• What you have to do
What you return must be the data below, word for word, without any images.

• Recorded data
——————

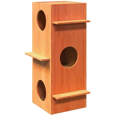 vidaxl Wooden Cat House/Hideaway with Solid Pinewood Frame/Wax Brown Finish/43x43x90 cm/Indoor Furniture for Playing & Relaxing
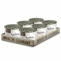56% Lammfleisch, -leber, -herz, -lunge, -niere; 28,8% Fleischbrühe; 14% Hühnerfilet; 0,5% Mineralstoffe; 0,5% Eierschalen, getrocknet; 0,2% Lachsöl
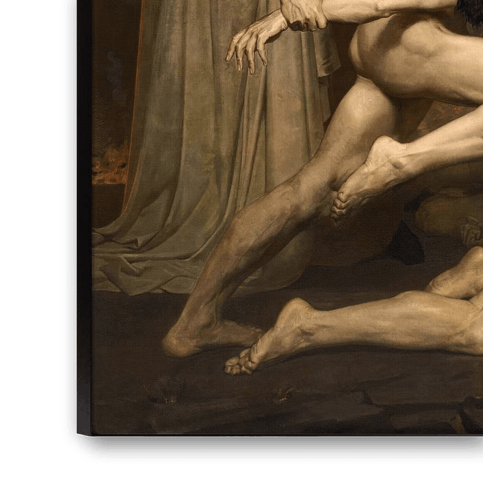 Auf der rechten Seite steht der Dichter Dante, gekleidet in seine traditionelle rote Kapuze und sein Gewand, neben seinem Führer Virgil, der einen Lorbeerkranz trägt. Sie beobachten die Gewalt mit einem Ausdruck des Entsetzens und des Urteils, wobei sie ihre Gesichter vor dem Gestank und der Brutalität schützen. Der Hintergrund ist ein dunkler, düsterer Abgrund, über dem ein geflügelter Dämon mit einem grimmigen Lächeln schwebt und die ewige Bestrafung überwacht. Die Beleuchtung ist dramatisch und theatralisch und hebt die blasse Haut der Kämpfer gegen die schattige Umgebung hervor. Dieses Gemälde ist bekannt dafür, dass es sich von Bouguereaus typisch sanften, religiösen Motiven abhebt und stattdessen rohe Kraft, Gewalt und die schreckliche Natur der Verdammnis zeigt.
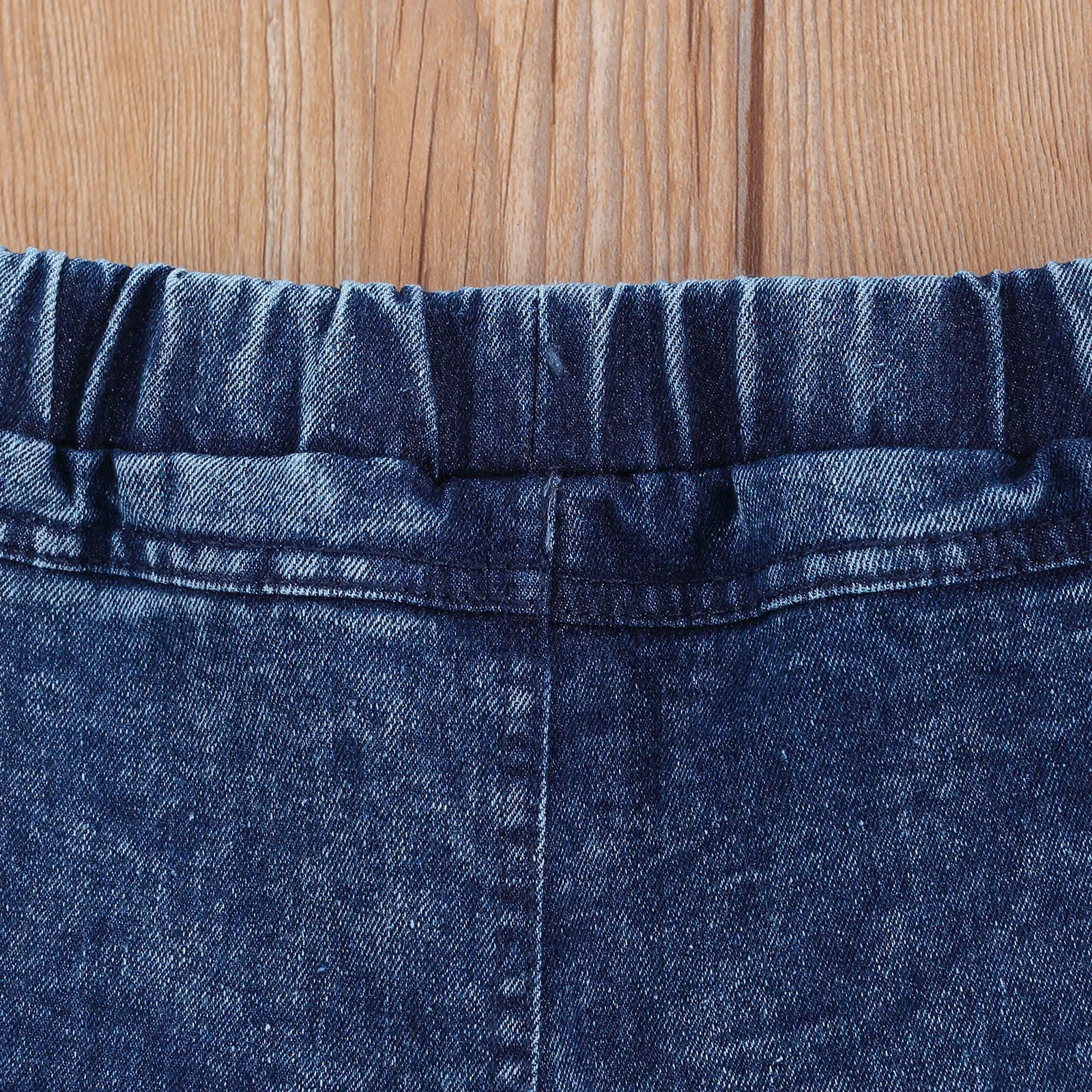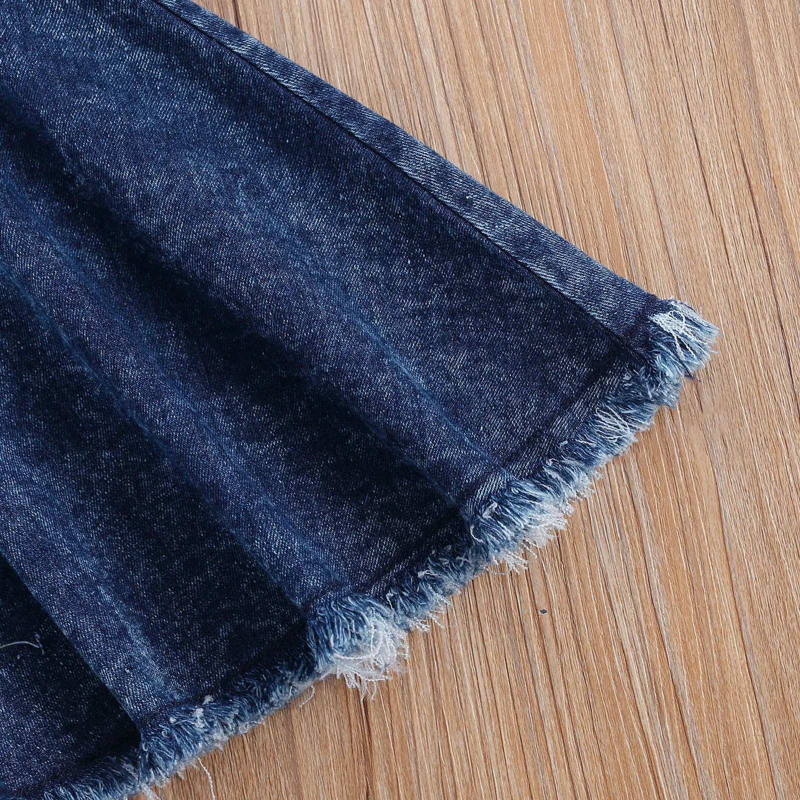 Джинсы-клеш для маленьких девочек, базовые синие джинсовые брюки с высокой талией и поясом-колокольчиком, одежда на весну и осень для детей 2-7 лет

——————

• Task output
 vidaxl Wooden Cat House/Hideaway with Solid Pinewood Frame/Wax Brown Finish/43x43x90 cm/Indoor Furniture for Playing & Relaxing
56% Lammfleisch, -leber, -herz, -lunge, -niere; 28,8% Fleischbrühe; 14% Hühnerfilet; 0,5% Mineralstoffe; 0,5% Eierschalen, getrocknet; 0,2% Lachsöl
 Auf der rechten Seite steht der Dichter Dante, gekleidet in seine traditionelle rote Kapuze und sein Gewand, neben seinem Führer Virgil, der einen Lorbeerkranz trägt. Sie beobachten die Gewalt mit einem Ausdruck des Entsetzens und des Urteils, wobei sie ihre Gesichter vor dem Gestank und der Brutalität schützen. Der Hintergrund ist ein dunkler, düsterer Abgrund, über dem ein geflügelter Dämon mit einem grimmigen Lächeln schwebt und die ewige Bestrafung überwacht. Die Beleuchtung ist dramatisch und theatralisch und hebt die blasse Haut der Kämpfer gegen die schattige Umgebung hervor. Dieses Gemälde ist bekannt dafür, dass es sich von Bouguereaus typisch sanften, religiösen Motiven abhebt und stattdessen rohe Kraft, Gewalt und die schreckliche Natur der Verdammnis zeigt.
 Джинсы-клеш для маленьких девочек, базовые синие джинсовые брюки с высокой талией и поясом-колокольчиком, одежда на весну и осень для детей 2-7 лет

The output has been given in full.